Quand on ne sait pas quoi faire, on choisit la réponse la plus facile, de court terme, et… on adopte une loi, dans l’urgence : on prend une loi contre le terrorisme – comme si les terroristes allaient être terrorisés par la volonté du législateur ! -, une loi contre l’épidémie, ce qui est une folie pure : ce n’est pas par une « stratégie » de ligne Maginot et par des amendes qu’on va utilement combattre un virus.

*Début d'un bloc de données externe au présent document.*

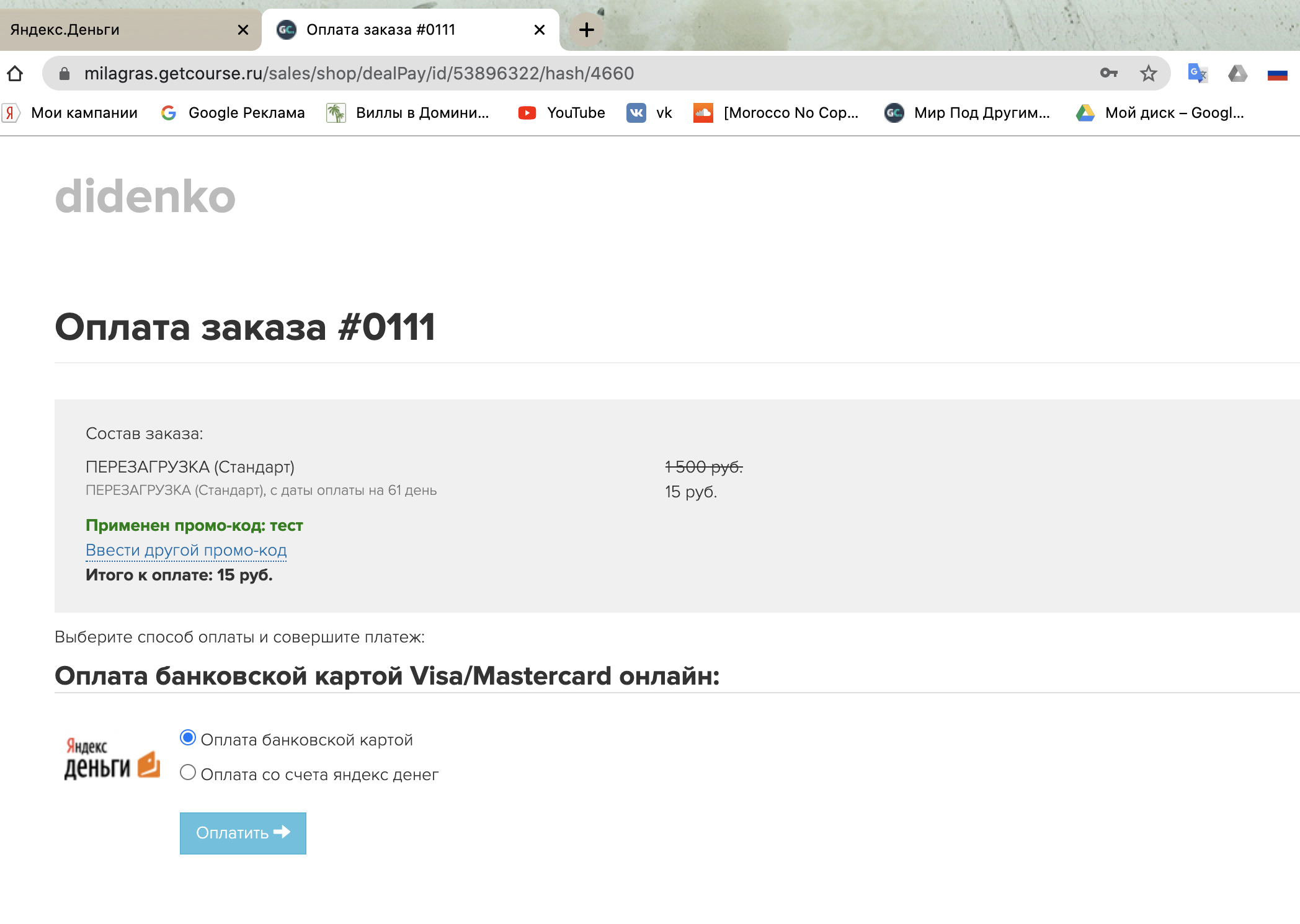- подключен платежный модуль GetCourse Pay;

Adopter une loi, ça permet de donner l’impression d’être actif. […] En réalité, toutes ces mesures n’ont ni permis de lutter efficacement contre le terrorisme, ni de limiter la propagation du virus de manière équilibrée par rapport aux atteintes aux libertés fondamentales.
[…] tout le monde a accepté d’être confiné pendant 55 jours au printemps 2020, sans même se poser la question de savoir si ce confinement n’était pas disproportionné par rapport aux enjeux de santé publique, avec quand même cette donnée problématique en période de pandémie qui est qu’un pays de 67 millions d’habitants dispose de 6 000 lits de réanimation…

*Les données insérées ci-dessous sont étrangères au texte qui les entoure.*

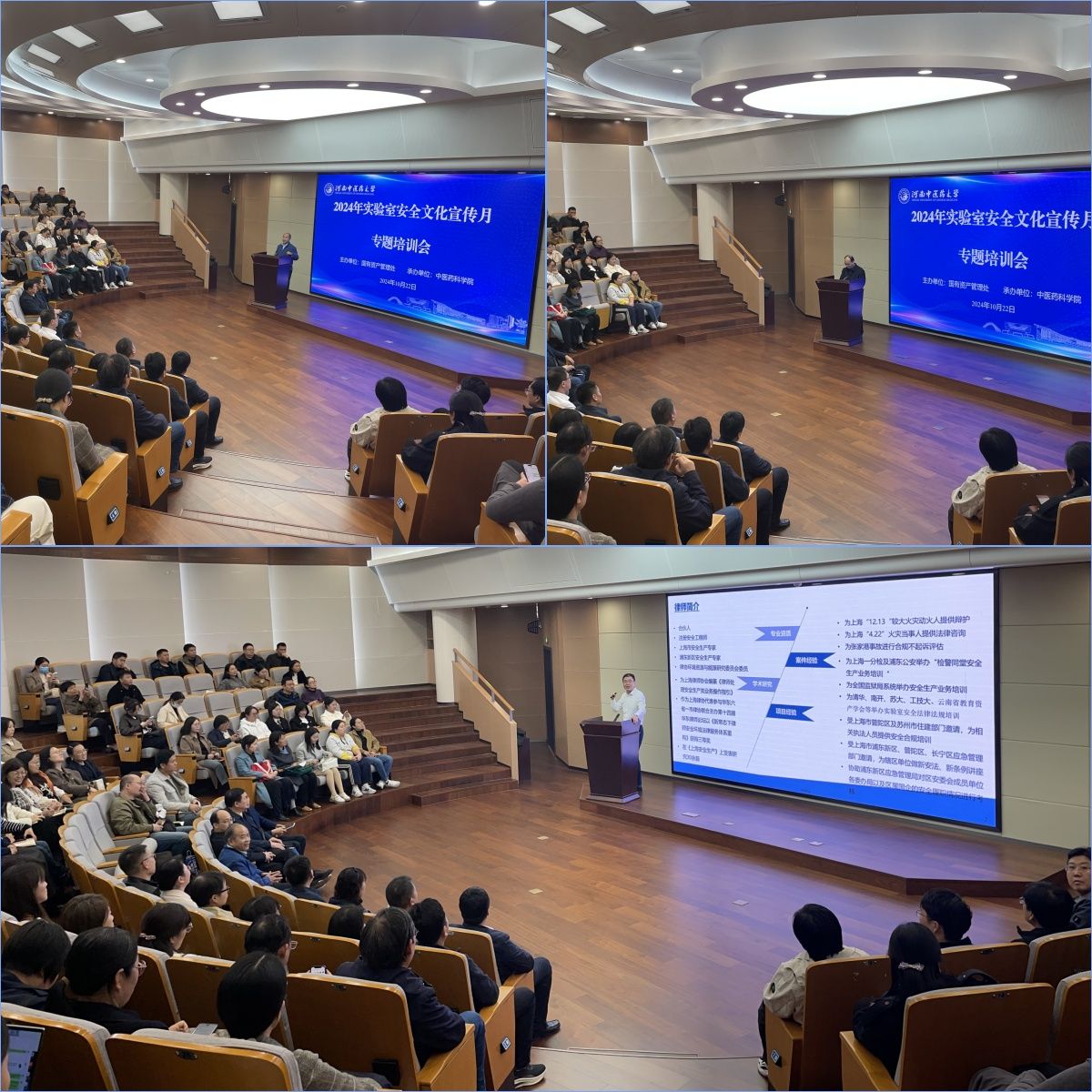 本网讯(文/图 王艳芳)为切实加强全校实验室安全管理,夯实安全管理责任,积极构建安全和谐、稳定有序的校园环境,近期我校开展了2024年度“实验室安全文化宣传月”活动。10月22日,由国有资产管理处主办、中医药科学院承办的实验室安全专题讲座《从事故责任看实验室安全责任制》在龙子湖校区俊学楼A114会议室举行,讲座由中医药科学院党委书记李东阳主持。校党委委员、副校长苗明三,国资处、保卫处、教务部等相关部门及各院系负责人、实验室安全工作管理人员、教学科研实验室主任、各实验室安全责任人、新进教师等100余人参加了专题讲座。本次讲座学校邀请上海市安全生产专家、注册安全工程师朱静亮律师主讲。

Aujourd’hui, la situation perdure. On a des ministres qui nous disent quels sont les produits « essentiels » ou non à notre vie courante et qui décident, au nom de la santé publique, comment la vie quotidienne de tout un peuple doit être organisée. Sans que jamais l’efficacité de ces mesures ne soit évaluée, sans qu’aucun bilan ne soit tiré. Sans que l’on prenne en compte les conséquences du confinement sur nos libertés, sur les commerçants, sur notre droit à une vie familiale normale, sur notre psychisme même.

Je suis un spécialiste de l’état d’urgence sécuritaire, de la loi du 3 avril 1955, et je peux vous garantir qu’aucune des mesures qui ont été prises à ce titre n’a permis la prévention d’un seul acte terroriste. Aucune. Et malgré cela la loi de 1955 a servi de modèle à la loi du 23 mars 2020 qui a permis le confinement de toute la population, c’est-à-dire 67 millions d’assignations à domicile 23h/24. La sécurité renforcée mine nos libertés individuelles sans nous apporter ce au nom de quoi elle a été instituée.

[…] La cause n’est pas traitée. On essaie de colmater des fuites, avec des sparadraps qui ne tiennent pas. Bien sûr, il y a eu un effet de surprise en mars 2020. L’hôpital public ne pouvait pas être prêt, il a été débordé, du fait même des politiques publiques qui sont menées au niveau national. Le mantra depuis des décennies, c’est de supprimer des lits pour faire des économies.
L’hôpital a été envisagé comme une entreprise, et le patient comme un client. Évidemment, on fait des économies à l’instant « t » en supprimant des lits, mais en temps de pandémie, on manque de places et on se rend compte que ces politiques néolibérales coûtent infiniment plus cher à long terme. Après la première vague de coronavirus, plutôt que de multiplier les lois d’urgence sanitaire, l’exécutif aurait dû, toutes affaires cessantes, améliorer la situation de l’hôpital public.

Extraits d’un entretien avec Paul Cassia dans le journal La Décroissance de décembre 2020.